Content starts
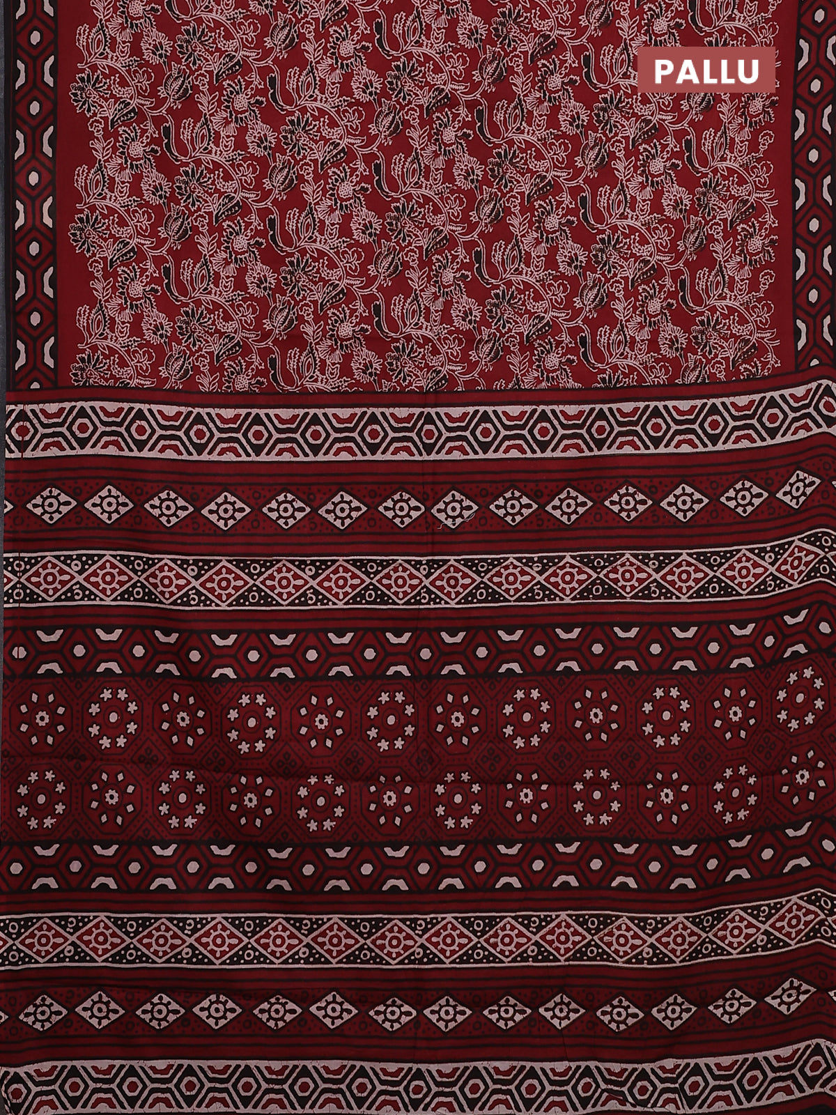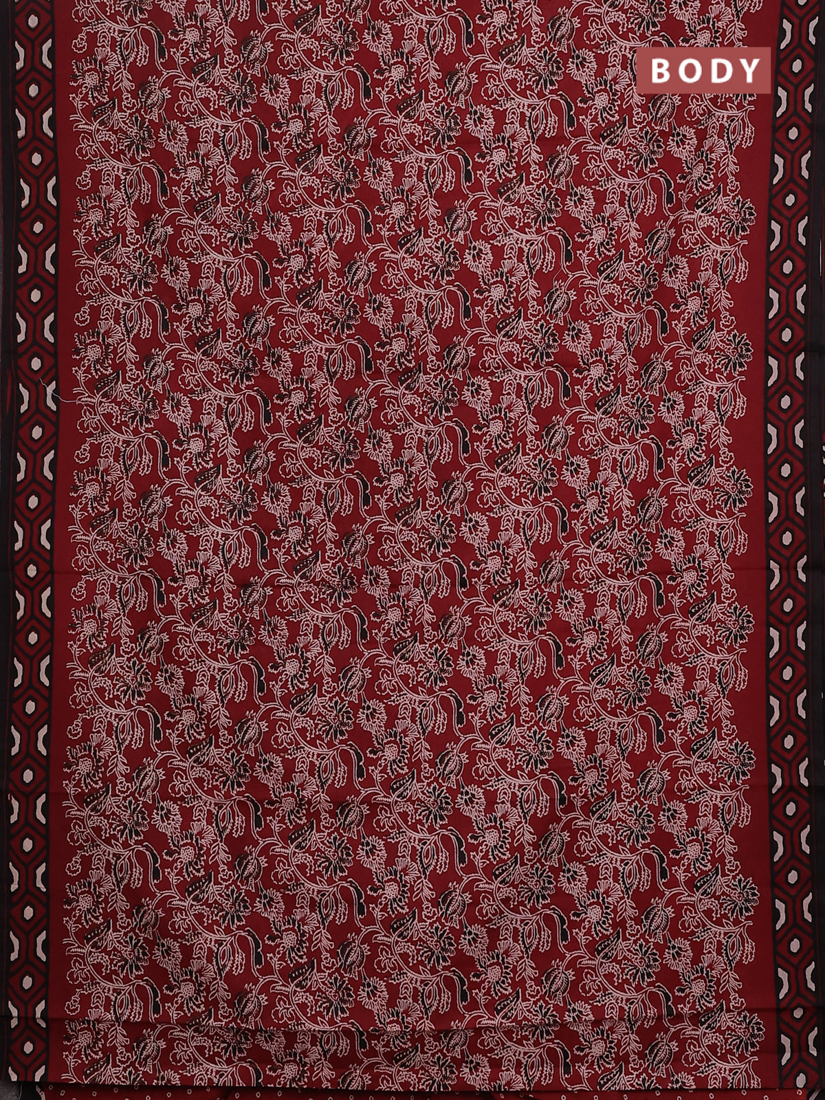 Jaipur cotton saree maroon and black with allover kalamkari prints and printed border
Content ends
Content starts
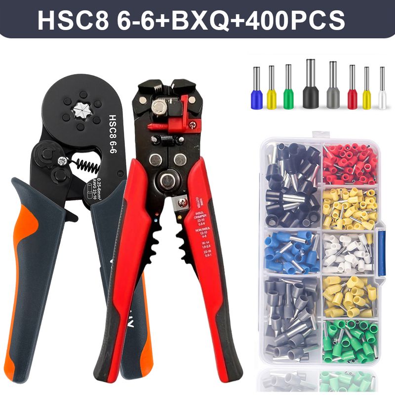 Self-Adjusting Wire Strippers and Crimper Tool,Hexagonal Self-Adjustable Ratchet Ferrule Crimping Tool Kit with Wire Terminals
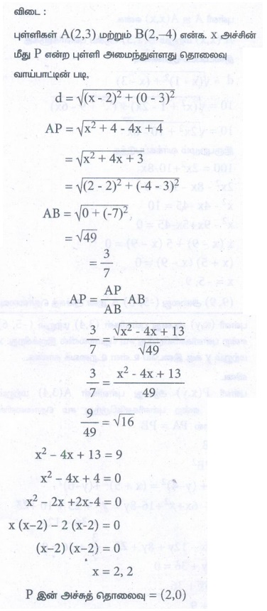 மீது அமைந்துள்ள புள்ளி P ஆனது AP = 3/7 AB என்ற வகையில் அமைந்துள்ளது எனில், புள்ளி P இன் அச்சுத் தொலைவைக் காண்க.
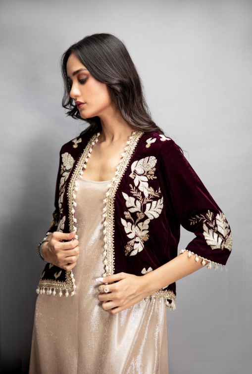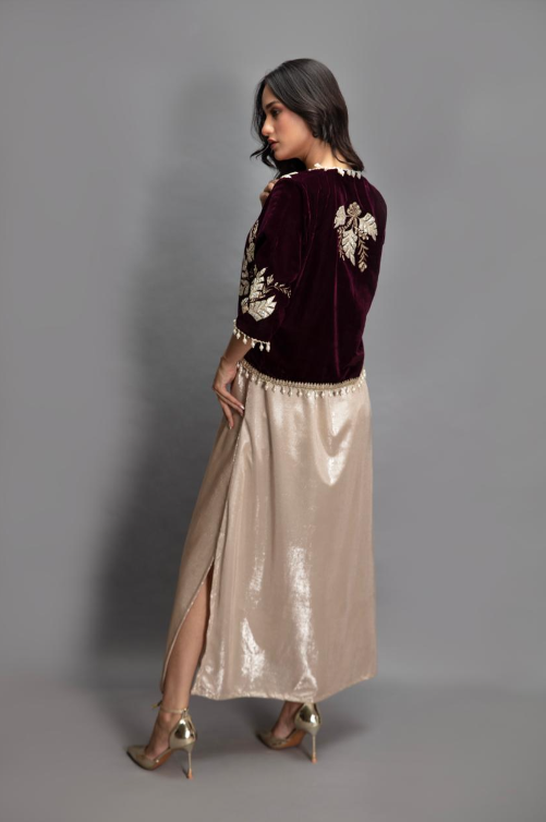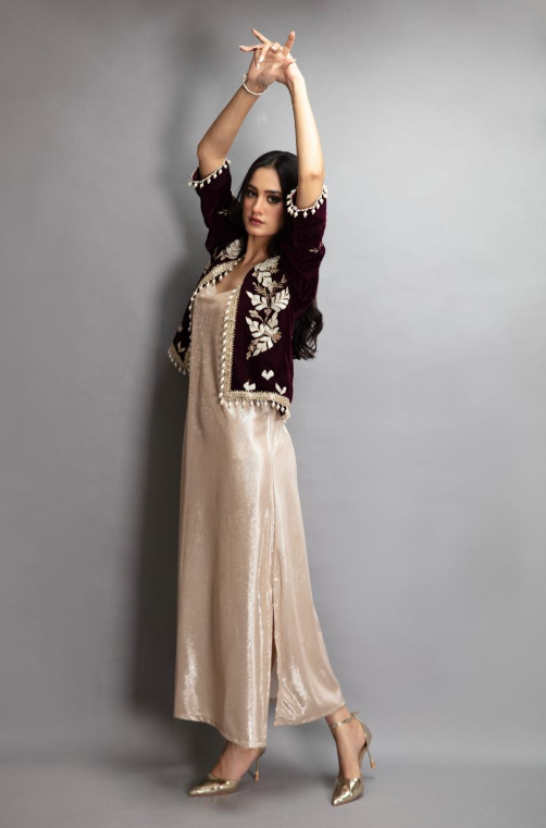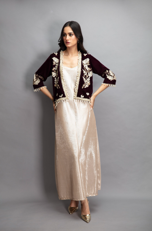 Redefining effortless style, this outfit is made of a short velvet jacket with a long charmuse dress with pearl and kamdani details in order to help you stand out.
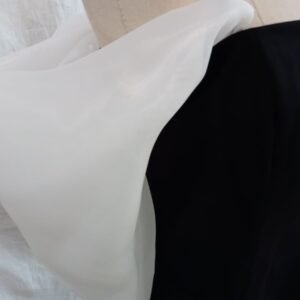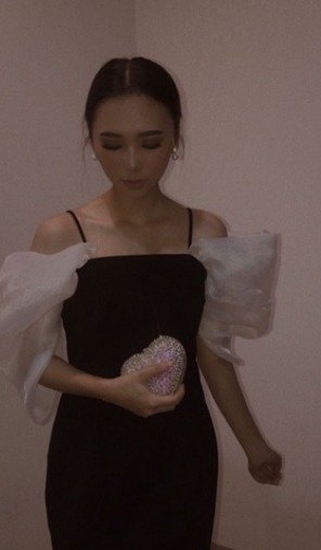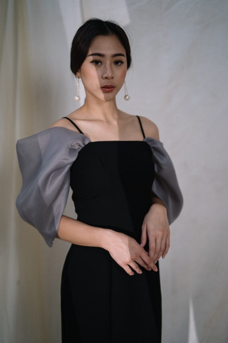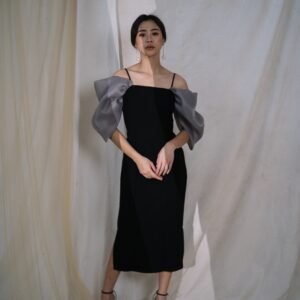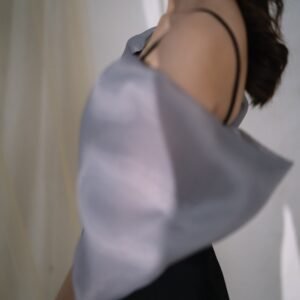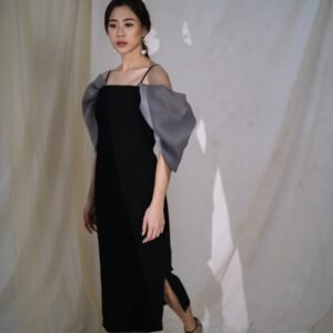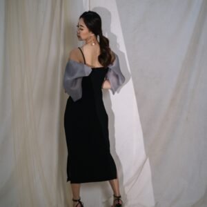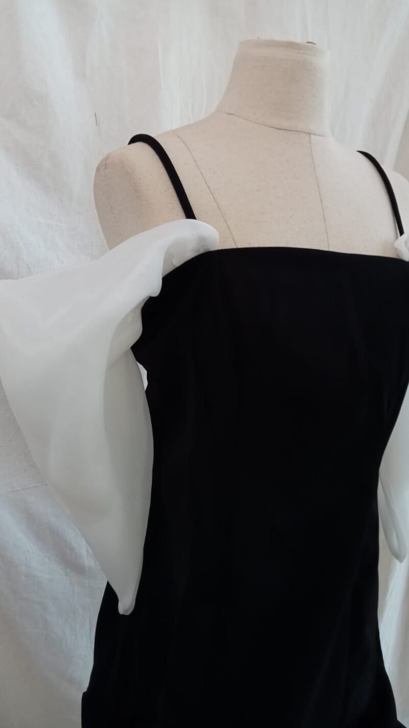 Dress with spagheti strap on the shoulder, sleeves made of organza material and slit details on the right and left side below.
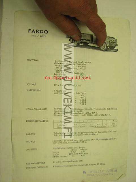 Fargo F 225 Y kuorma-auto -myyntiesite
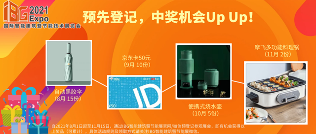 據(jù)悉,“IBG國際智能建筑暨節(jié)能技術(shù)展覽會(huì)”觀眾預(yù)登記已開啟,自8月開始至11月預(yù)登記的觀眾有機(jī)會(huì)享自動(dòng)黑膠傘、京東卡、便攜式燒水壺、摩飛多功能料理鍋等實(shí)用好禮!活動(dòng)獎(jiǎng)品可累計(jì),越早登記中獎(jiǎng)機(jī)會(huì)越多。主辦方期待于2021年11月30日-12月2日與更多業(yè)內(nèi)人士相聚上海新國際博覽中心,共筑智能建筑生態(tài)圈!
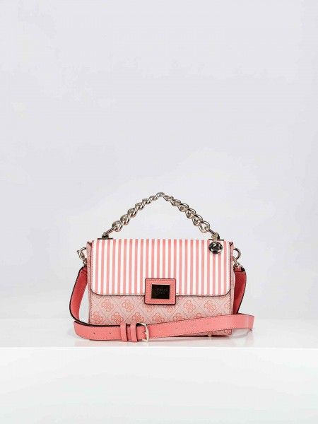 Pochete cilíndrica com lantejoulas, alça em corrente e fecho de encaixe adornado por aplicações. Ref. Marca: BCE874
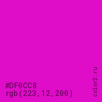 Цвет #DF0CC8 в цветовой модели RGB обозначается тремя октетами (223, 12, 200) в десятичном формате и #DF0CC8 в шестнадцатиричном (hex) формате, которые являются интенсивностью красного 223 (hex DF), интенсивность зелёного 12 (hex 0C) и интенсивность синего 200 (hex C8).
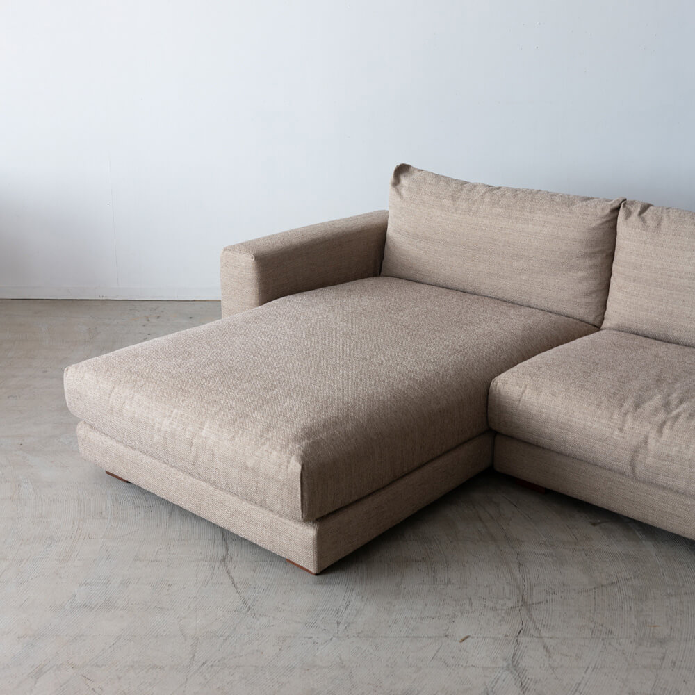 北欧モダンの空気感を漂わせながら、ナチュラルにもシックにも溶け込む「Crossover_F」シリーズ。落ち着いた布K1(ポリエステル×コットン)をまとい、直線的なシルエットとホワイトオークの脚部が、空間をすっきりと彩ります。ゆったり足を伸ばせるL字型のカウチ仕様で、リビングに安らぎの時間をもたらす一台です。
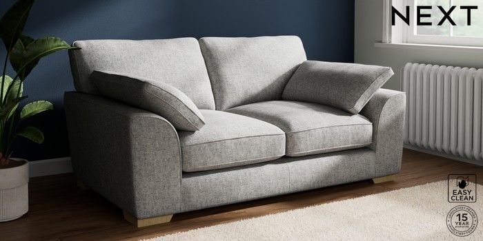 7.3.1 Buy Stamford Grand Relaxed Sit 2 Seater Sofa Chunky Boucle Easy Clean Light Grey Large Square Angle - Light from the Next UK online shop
Content ends
Content starts
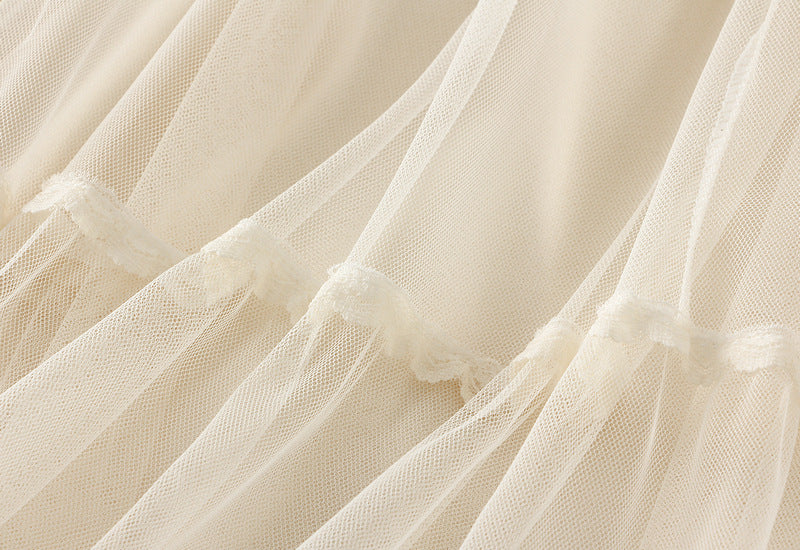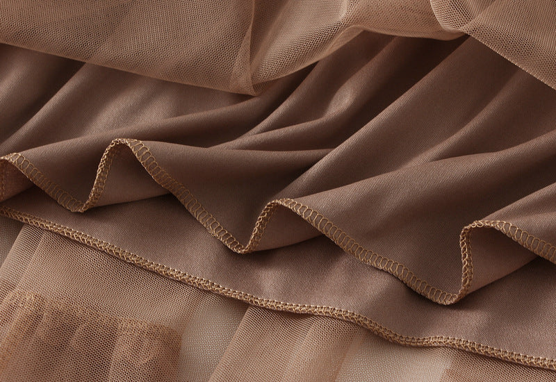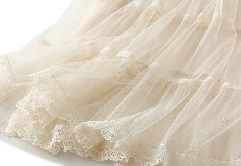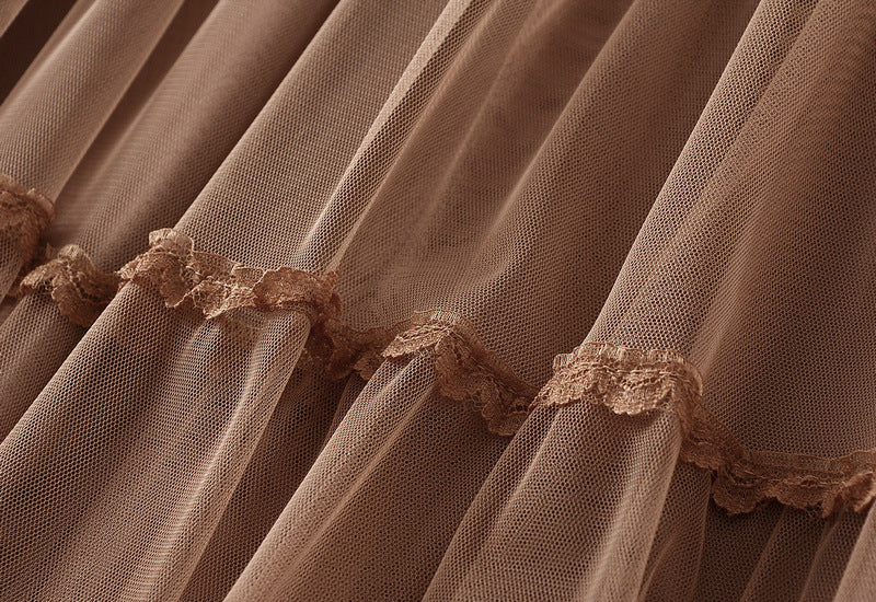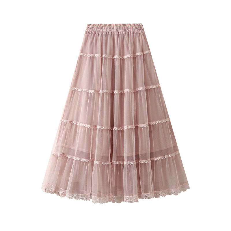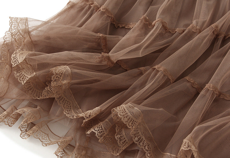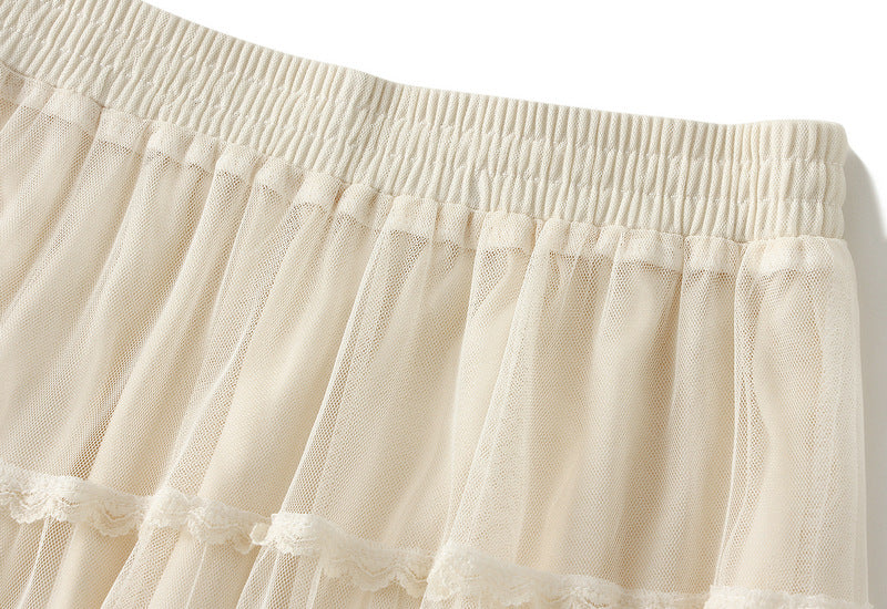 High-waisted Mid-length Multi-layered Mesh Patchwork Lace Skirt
Content ends
Exercise requirements: Only the lines above from the one with "北欧モダンの空気感を漂わせな" to the one with "7.3.1 Buy Stamford" should be printed, both included and exactly as written; no picture belongs in the copy.

Response area:
 北欧モダンの空気感を漂わせながら、ナチュラルにもシックにも溶け込む「Crossover_F」シリーズ。落ち着いた布K1(ポリエステル×コットン)をまとい、直線的なシルエットとホワイトオークの脚部が、空間をすっきりと彩ります。ゆったり足を伸ばせるL字型のカウチ仕様で、リビングに安らぎの時間をもたらす一台です。
 7.3.1 Buy Stamford Grand Relaxed Sit 2 Seater Sofa Chunky Boucle Easy Clean Light Grey Large Square Angle - Light from the Next UK online shop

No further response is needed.